4. They don’t listen to your troubles when they know they can’t help you.
Again, it’s not because they don’t care. It’s because they know they can’t help you. They understand that the key to a better life depends on the individual. If you don’t want to change your life for the better, there’s nothing they can do about it. So they don’t waste time listening to you complain about stuff that you don’t wish to change.
5. They have problems too.
They aren’t supermen or wonder women. Just because they are tough doesn’t mean they have no problems at all. They don’t complain and whine to others because they know that complaining and whining don’t help the situation at all. So they prefer to spend time alone thinking how to resolve their problems themselves.
6. They need help from other people too.
Tough people are self-sufficient and independent. They can do a lot of things on their own. But they need help from other people too. Sometimes, they may not know how to approach others or feel shy about asking others for help. As a friend, you should offer them help once in a while even if they are silent about it.
7. They are afraid to appear weak.
One reason why tough people don’t display their emotions publicly is because they are afraid to be seen as weak or pushovers. They are afraid that others might take advantage of their vulnerability, so they prefer to hide their feelings away from public view.
8. They build walls to protect themselves emotionally.
Tough people have their insecurities too. They find it hard to be vulnerable and emotionally close to another person because they might have been hurt by others in the past. So they put on a strong front to protect themselves from getting hurt again.
9. They have a hard time opening up themselves.
They feel deeply but they have a hard time opening up themselves to others. They only open up to friends they trust and keep new people they meet at a safe distance. It takes time for them to trust other people. So be patient with them and allow them to reveal themselves to you slowly.

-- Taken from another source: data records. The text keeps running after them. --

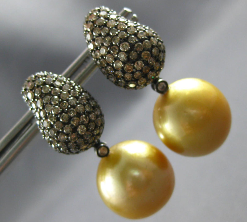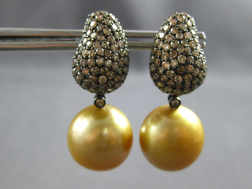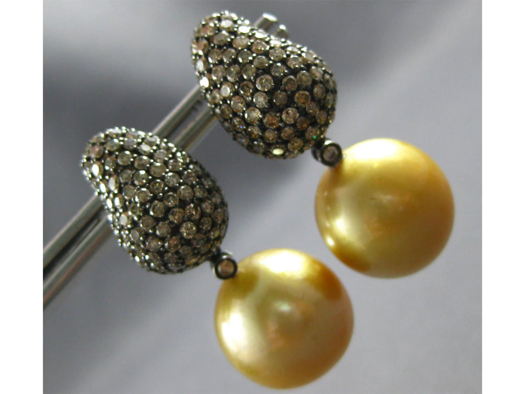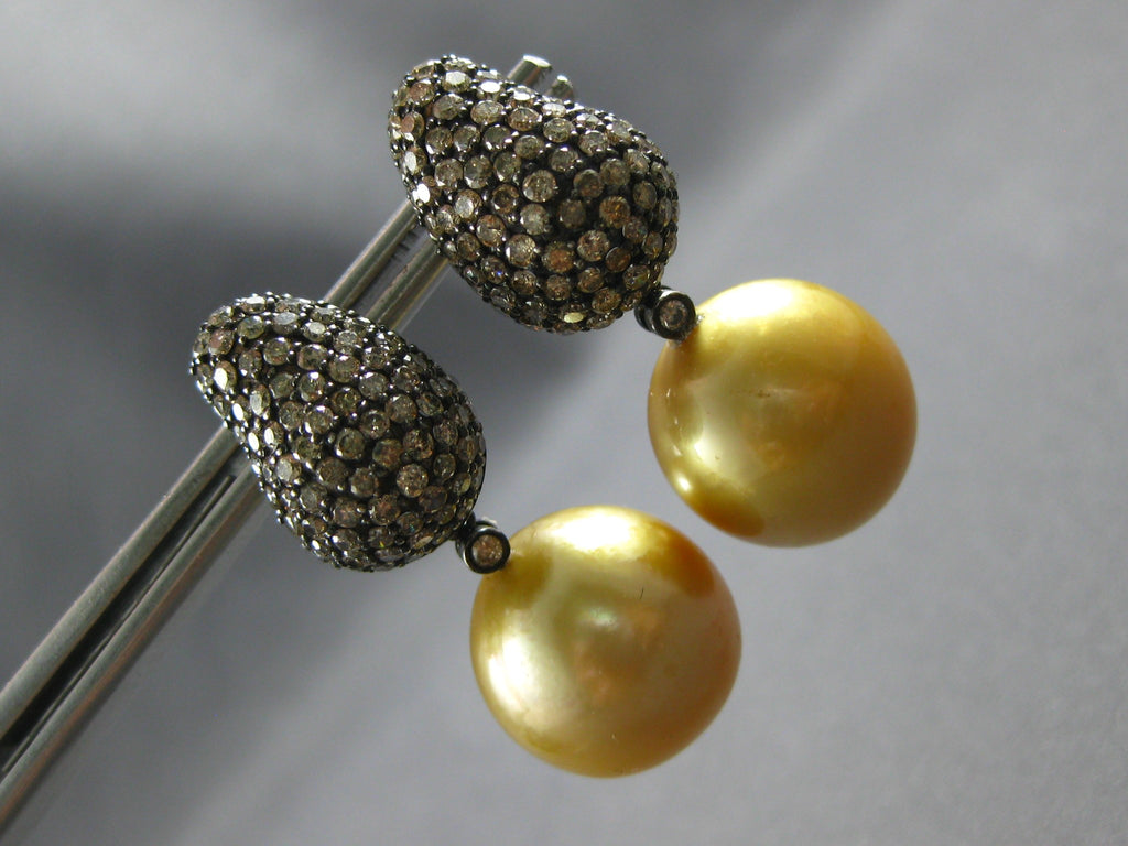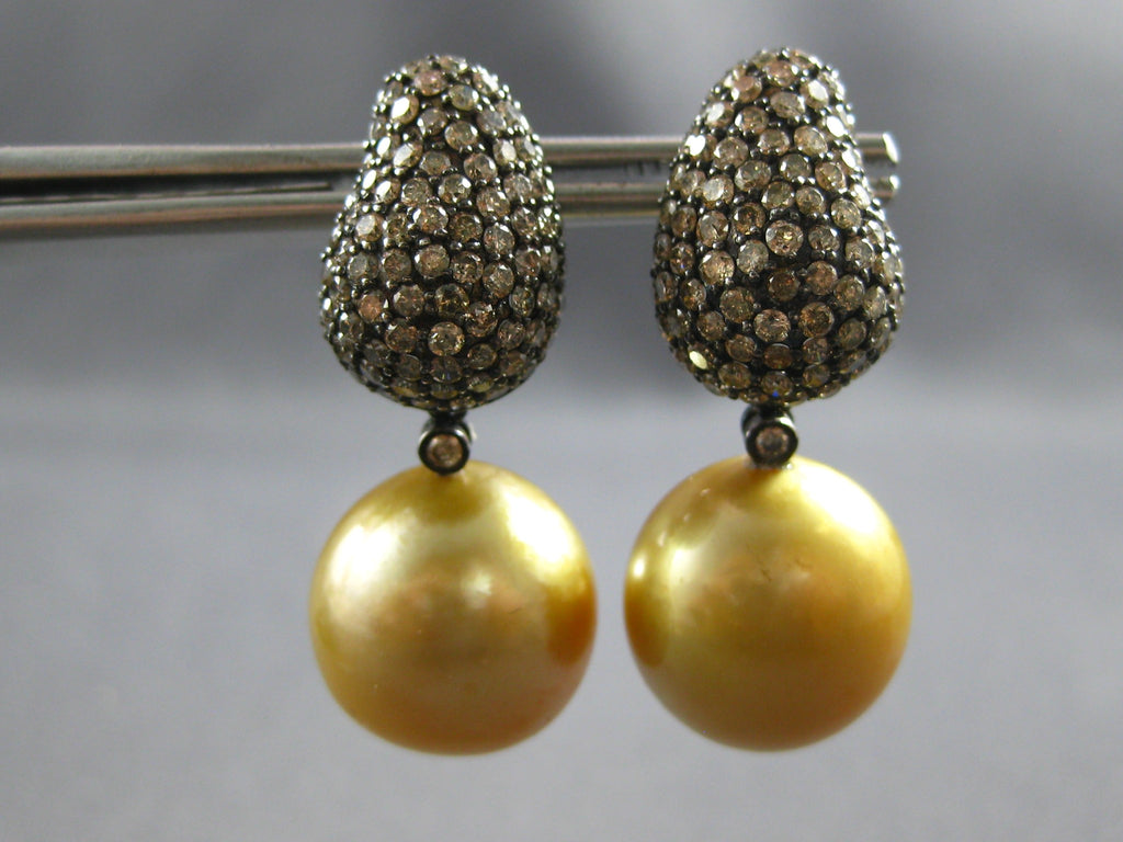 ESTATE LARGE 2.65CT MOCHA DIAMOND & AAA GOLDEN SOUTH SEA PEARL 18KT BLACK GOLD EARRINGS
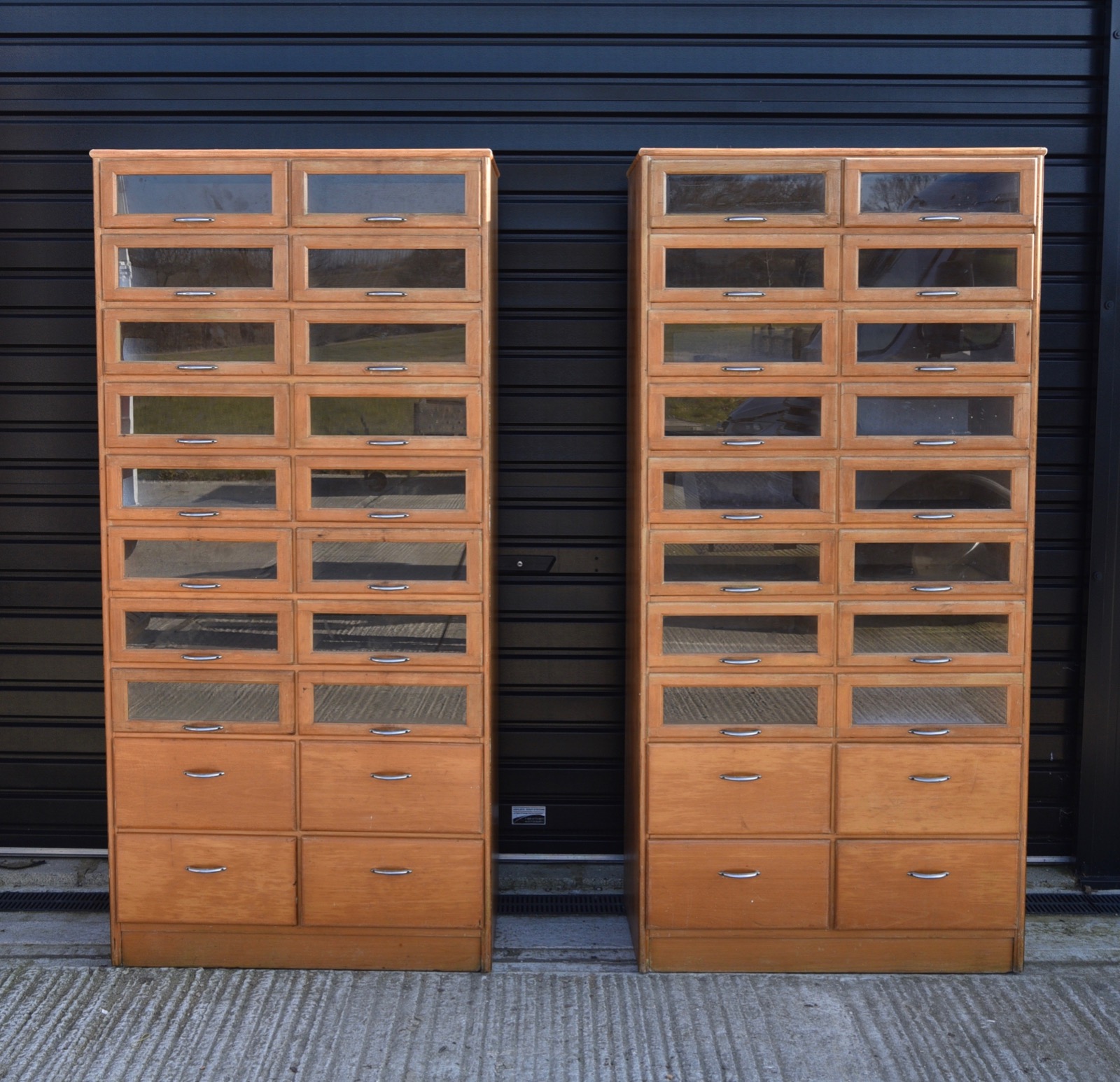 Pair of Vintage Haberdashery cabinets with 20 drawers in each all glass is intact and all drawers slide as they should .
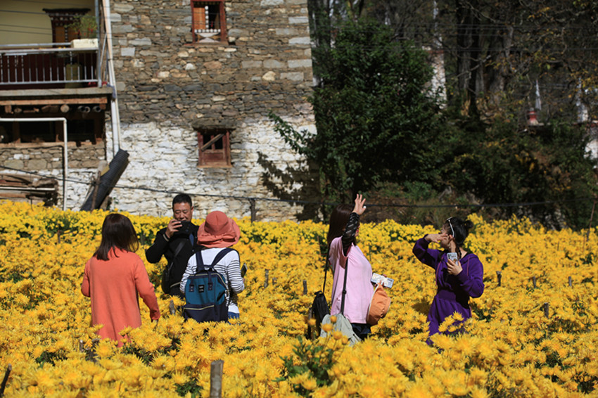游客在菊花地里游玩。 洛桑達瓦 攝
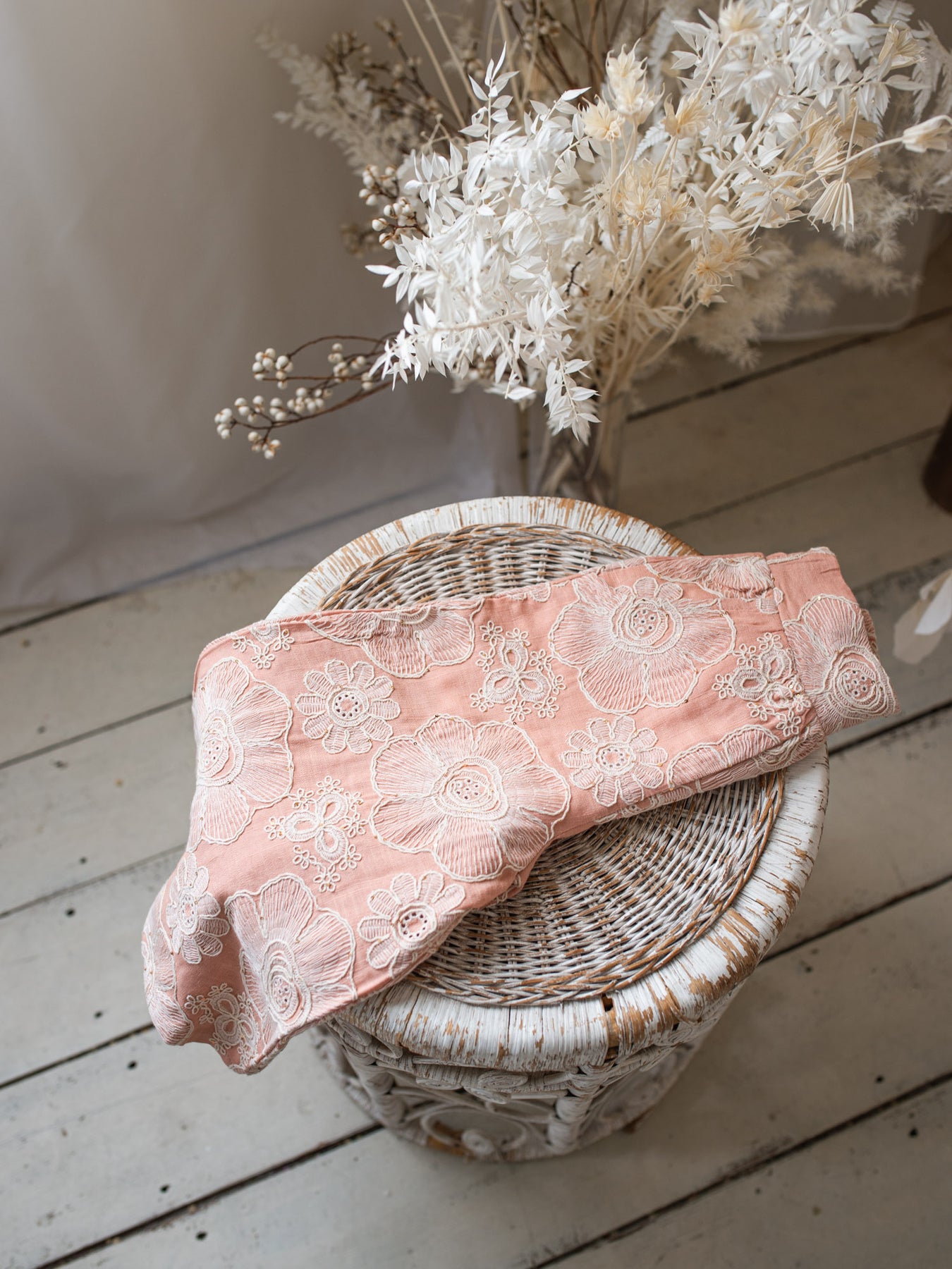Full Embroidered Fabric: Custom-designed floral lace embroidery layered over soft cotton.
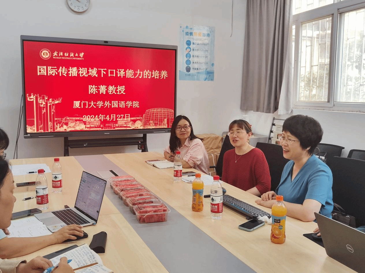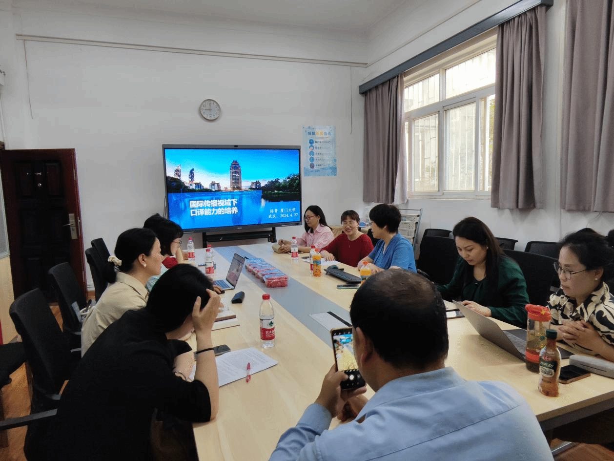 4月27日上午,厦门大学外文学院院长陈菁教授受邀在我校做了题为“国际传播视域下口译能力的培养”的学术讲座。讲座由外国语学院院长谭燕保教授主持,副院长刘方荣、外国语学院全体硕士生导师及MTI任课教师参加聆听。
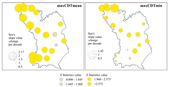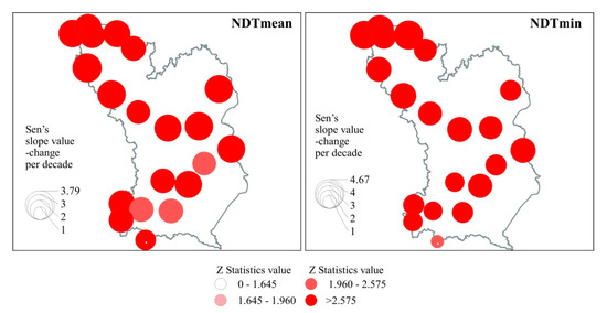 Figure 3 presents changes in the number of days with average daily and minimum daily temperatures above 0 °C for all examined stations. Similarly, to the previous indicator, a degree of change per decade is expressed by the size of the marker, and the significance of the changes by the coloured scale. Statistically significant changes are marked with a darker colour scale (dark red colour denotes the most significant changes).
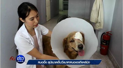O veterinário Siramanee Wongpitayadisai tratou o cão, remendou os olhos e colocou um cone ao redor de sua cabeça. Eles sabiam que o golden provavelmente não vivia nas ruas, já que era extremamente amigável. De acordo com a equipe, a maioria dos cachorros de rua não se comportariam dessa maneira.
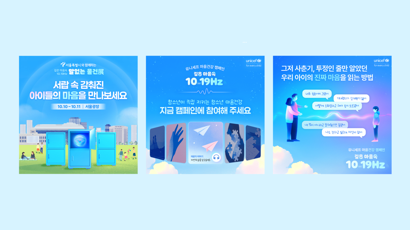 <깊은 마음속 10.19Hz> 캠페인은 학생들 800명의 실제 이야기가 바탕이 되었습니다. 온더플래닛은 캠페인의 독자적 슬로건과 키비주얼, 닫힌 물방울 속에서 요동치는 주파수를 형상화한 심벌 디자인을 개발하여 캠페인의 일관성을 구축했습니다. 하늘에서 심해로 이어지는 구성을 기획하고 아이들의 숨겨진 이야기를 심해로 표현한 웹페이지를 디자인 및 개발했고 청소년기를 상징하는 사물을 디자인 모티브로 하여 긴밀한 공감과 직관적 흥미를 유도했습니다.
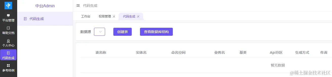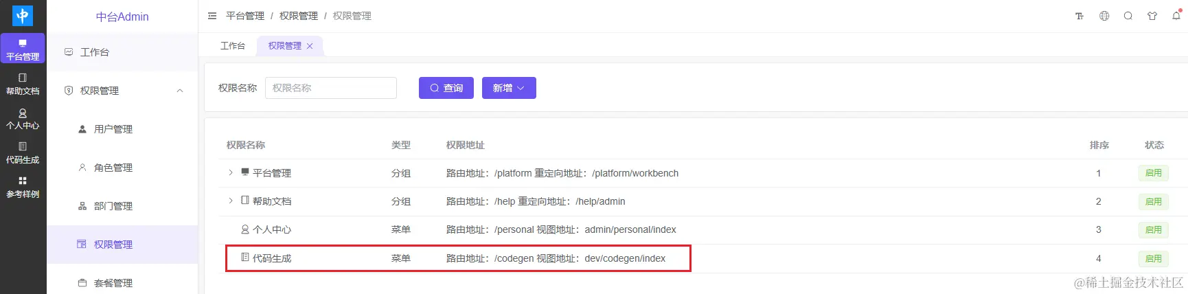 - 权限管理-权限管理中添加对应菜单(路由地址:/codegen,路由命名:devgen)

10. They don’t trust their emotions that much.
Although they are softies inside, they don’t really trust their emotions. They believe that showing emotions is a sign of weakness. They are also afraid that their emotions will guide them wrongly. So they prefer to rely on their logical thinking and mental toughness to make those hard decisions.
11. They are much harder on themselves than on others.
If you think that their expectation of you is high, think of their expectation of themselves. It’s so much higher. As bonding with others wasn’t their best strength growing up, they focus on achievements and working hard instead. Being tough is how they get to where they are in life. They see the value in it, so they keep challenging themselves to higher standards.
12. They take their relationships seriously.
Tough people with a tender heart tend to be selective with their friends and choose their relationships carefully. They have fewer friends but they are close with their friends. They are supportive and loyal to their friends despite appearing uncaring.
13. They need love and connection like everyone else.
They might appear uninterested in love and relationships. But deep down inside, they wish to find a loving partner and want to be loved. They can be really shy about dating. And their independence might push potential partners away. As a friend, be there for them and talk to them when they feel alone.
Conclusion: Be Kind With Tough People
Next time you meet a tough person, be in their shoes and be friendly towards them. Understand that some of them are just protecting their tender hearts with a strong front. And if you are friends with tough people, keep in touch with them. They might be independent, but they need friends too.